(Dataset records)
★ ★ ★ ★

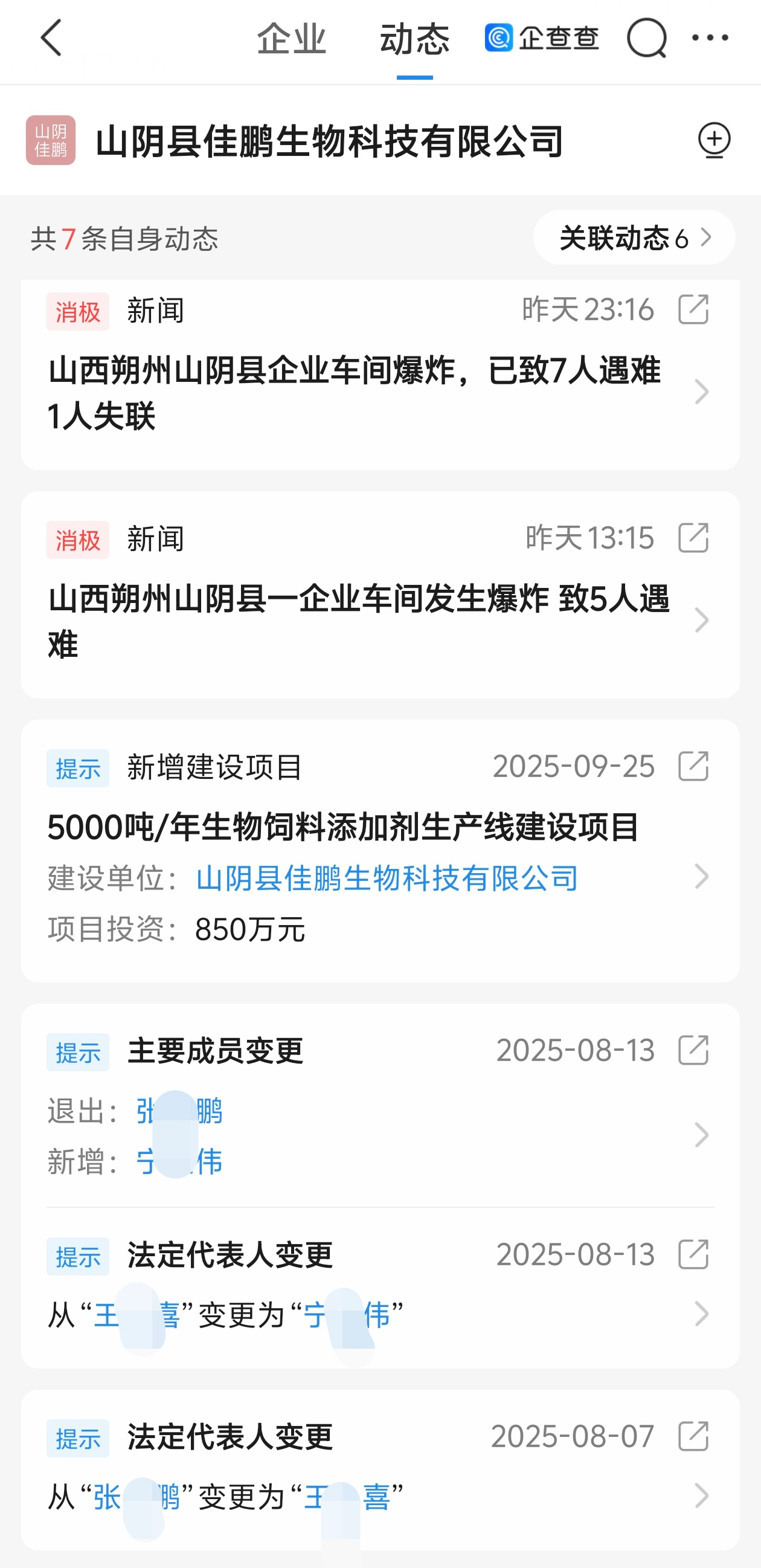山西山阴车间爆炸事故涉事公司曾更换法人代表
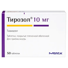 Состав Каждая таблетка содержит: Действующее вещество: тиамазол 10 мг. Вспомогательные вещества: кремния диоксид коллоидный- 2 мг, карбоксиметилкрахмал натрия - 2 мг, магния стеарат - 2 мг, гипромеллоза 2910/15 - 3 мг, тальк - 6 мг, порошок целлюлозы - 10 мг, крахмал кукурузный - 20 мг, лактозы...
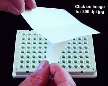 A split backing facilitates application of the film to either top or bottom of the plate. Applied to the bottom of a 96-well filter plate, the white film provides a convenient medium for holding dried filters removed from the plate for microscopic examination and storage, for example in ELISPOT techniques.
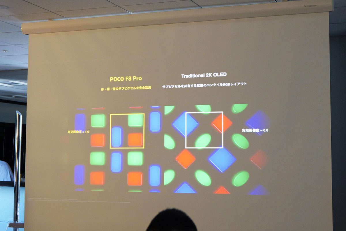ディスプレイは約6.59インチの有機ELで、解像度は1.5K(2510×1156ドット)。特徴的なのは、赤・緑・青のサブピクセル構造を採用していることで、これにより、2K解像度相当の精細さと色鮮やかさを実現しているといいます。それでいて、消費電力は前世代から22.3%下がっているとのこと。
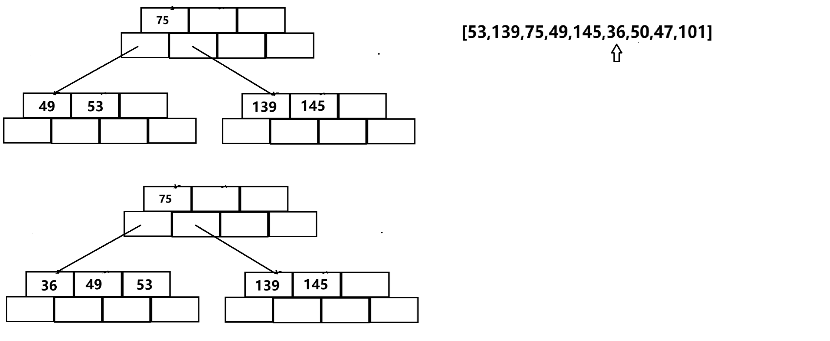 以{53,139,75,49,145,36,50,47,101}为例:
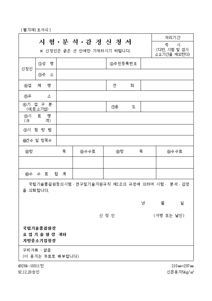 시험, 분석, 감정신청서
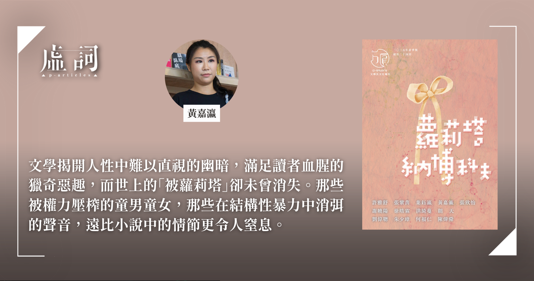 我撫心自問:為何蘿莉塔的故事總能一再觸動我們?文學揭開人性中難以直視的幽暗,滿足讀者血腥的獵奇惡趣,而世上的「被蘿莉塔」卻未曾消失。那些被權力壓榨的童男童女,那些在結構性暴力中消弭的聲音,遠比小說中的情節更令人窒息。願時代進步,現實不再生產更多蘿莉塔,杭柏特通通被關。
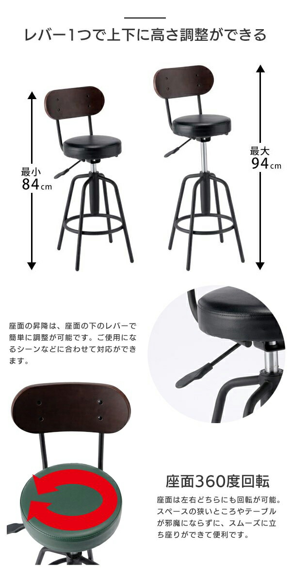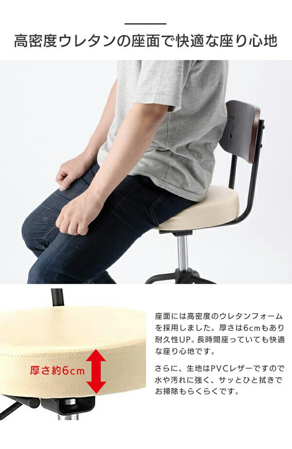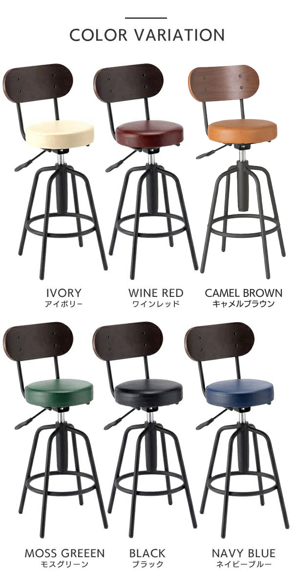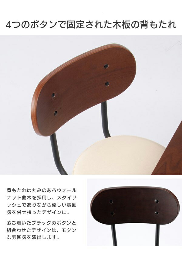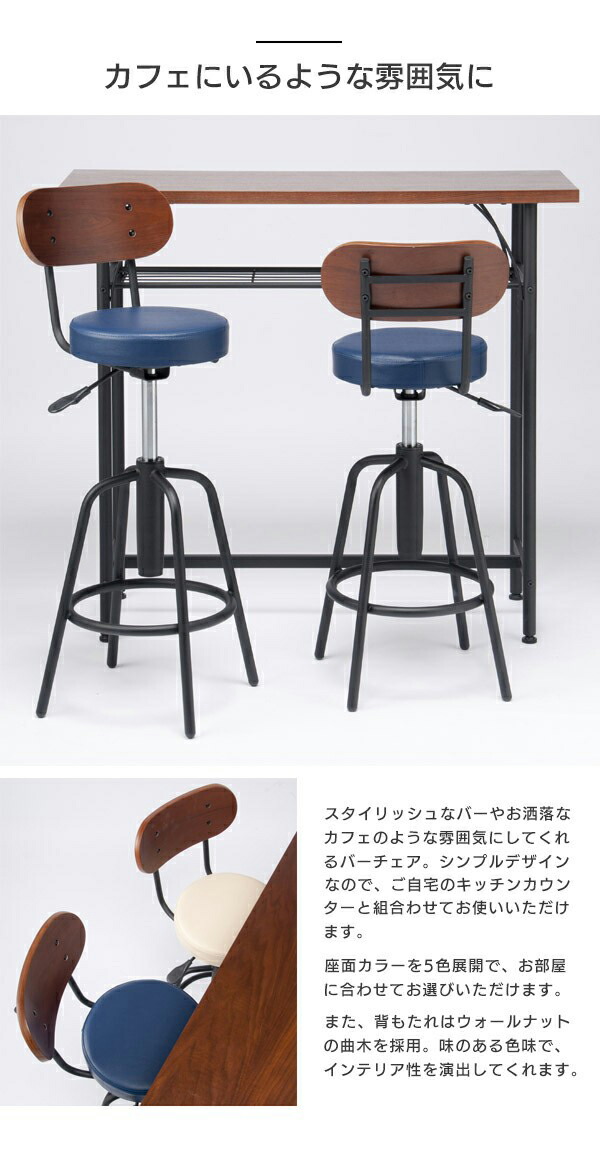 | 商品説明 かっこいい・可愛い・お洒落なカウンターチェアとカウンターテーブルセット。選べる背付き6カラーバリエーションです。背もたれはウォールナットの木板を採用。味のある色目と4つ目のボタンでインテリア性を演出。レバー1つで上下の高さ調整ができますので、ご家庭でのちょっとしたイス、台所での座っての作業、飲食店や受付・待合コーナーにおすすめです。背もたれは2点止めではなく連結フレームと4点止め、座面のウレタンは高密度フォームを採用で耐久性をUP。また、パイプとの接続部分は全て全溶接ですのでしっかり安定しています。(点溶接・スポット溶接ではありません)座から上は360度回転でき、足元は固定タイプですので安心して立ち座りできます。キャスター付きのカウンターチェアと違い、本体が動きませんので身長が低い方でも安心です。 | ||||||||
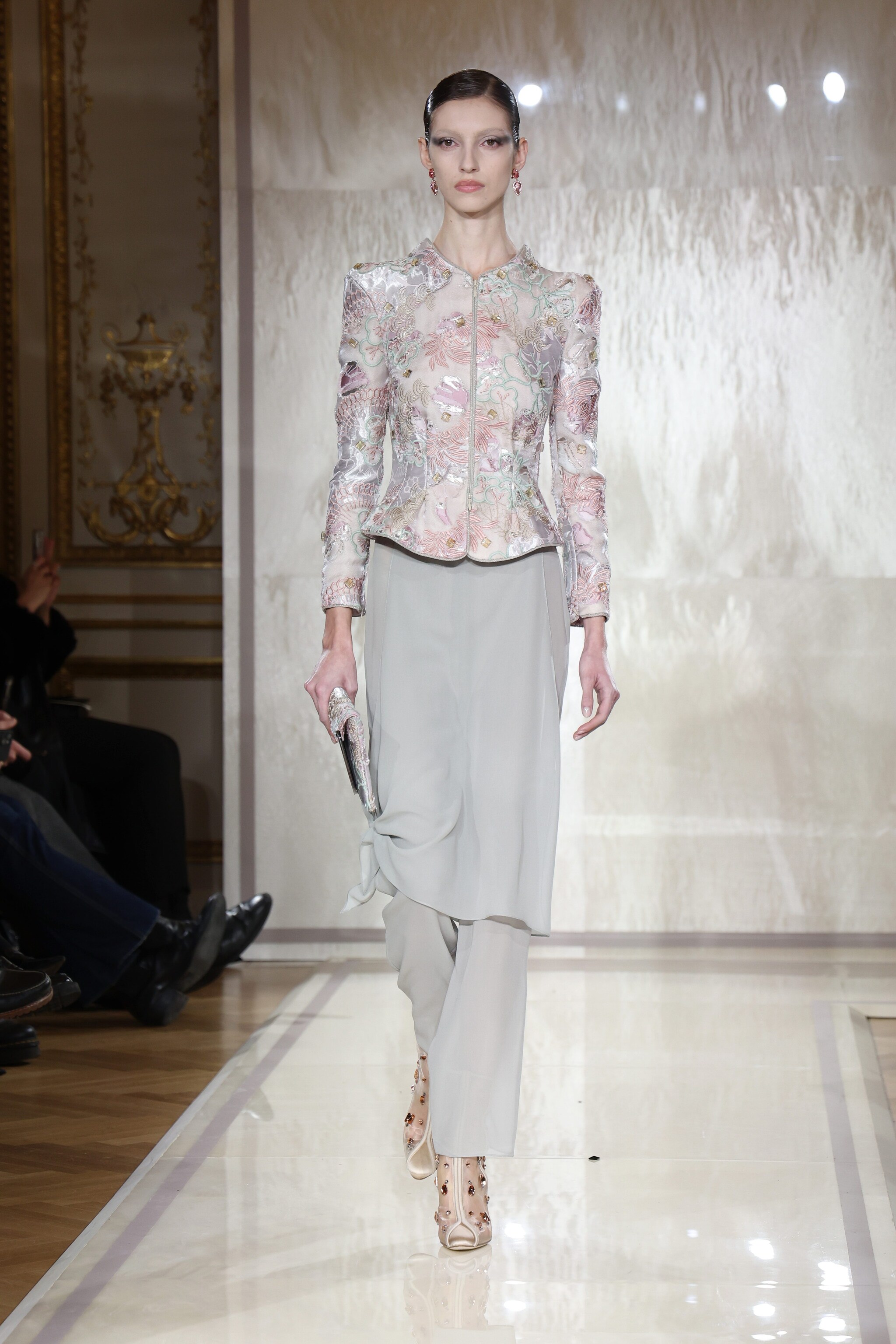 Colori tenui, tessuti impalpabili, ricami preziosi realizzati con cristalli, pietre e paillettes sfilano alla Paris Fashion week sulla passerella Haute Couture Primavera/Estate 2025 di Giorgio Armani Privé

★ ★ ★ ★

## What is required
Reproduce each entry exactly as given; no pictures, please.

## Output of the task
山西山阴车间爆炸事故涉事公司曾更换法人代表
 Состав Каждая таблетка содержит: Действующее вещество: тиамазол 10 мг. Вспомогательные вещества: кремния диоксид коллоидный- 2 мг, карбоксиметилкрахмал натрия - 2 мг, магния стеарат - 2 мг, гипромеллоза 2910/15 - 3 мг, тальк - 6 мг, порошок целлюлозы - 10 мг, крахмал кукурузный - 20 мг, лактозы...
 A split backing facilitates application of the film to either top or bottom of the plate. Applied to the bottom of a 96-well filter plate, the white film provides a convenient medium for holding dried filters removed from the plate for microscopic examination and storage, for example in ELISPOT techniques.
ディスプレイは約6.59インチの有機ELで、解像度は1.5K(2510×1156ドット)。特徴的なのは、赤・緑・青のサブピクセル構造を採用していることで、これにより、2K解像度相当の精細さと色鮮やかさを実現しているといいます。それでいて、消費電力は前世代から22.3%下がっているとのこと。
 以{53,139,75,49,145,36,50,47,101}为例:
 시험, 분석, 감정신청서
 我撫心自問:為何蘿莉塔的故事總能一再觸動我們?文學揭開人性中難以直視的幽暗,滿足讀者血腥的獵奇惡趣,而世上的「被蘿莉塔」卻未曾消失。那些被權力壓榨的童男童女,那些在結構性暴力中消弭的聲音,遠比小說中的情節更令人窒息。願時代進步,現實不再生產更多蘿莉塔,杭柏特通通被關。
 | 商品説明 かっこいい・可愛い・お洒落なカウンターチェアとカウンターテーブルセット。選べる背付き6カラーバリエーションです。背もたれはウォールナットの木板を採用。味のある色目と4つ目のボタンでインテリア性を演出。レバー1つで上下の高さ調整ができますので、ご家庭でのちょっとしたイス、台所での座っての作業、飲食店や受付・待合コーナーにおすすめです。背もたれは2点止めではなく連結フレームと4点止め、座面のウレタンは高密度フォームを採用で耐久性をUP。また、パイプとの接続部分は全て全溶接ですのでしっかり安定しています。(点溶接・スポット溶接ではありません)座から上は360度回転でき、足元は固定タイプですので安心して立ち座りできます。キャスター付きのカウンターチェアと違い、本体が動きませんので身長が低い方でも安心です。 | ||||||||
 Colori tenui, tessuti impalpabili, ricami preziosi realizzati con cristalli, pietre e paillettes sfilano alla Paris Fashion week sulla passerella Haute Couture Primavera/Estate 2025 di Giorgio Armani Privé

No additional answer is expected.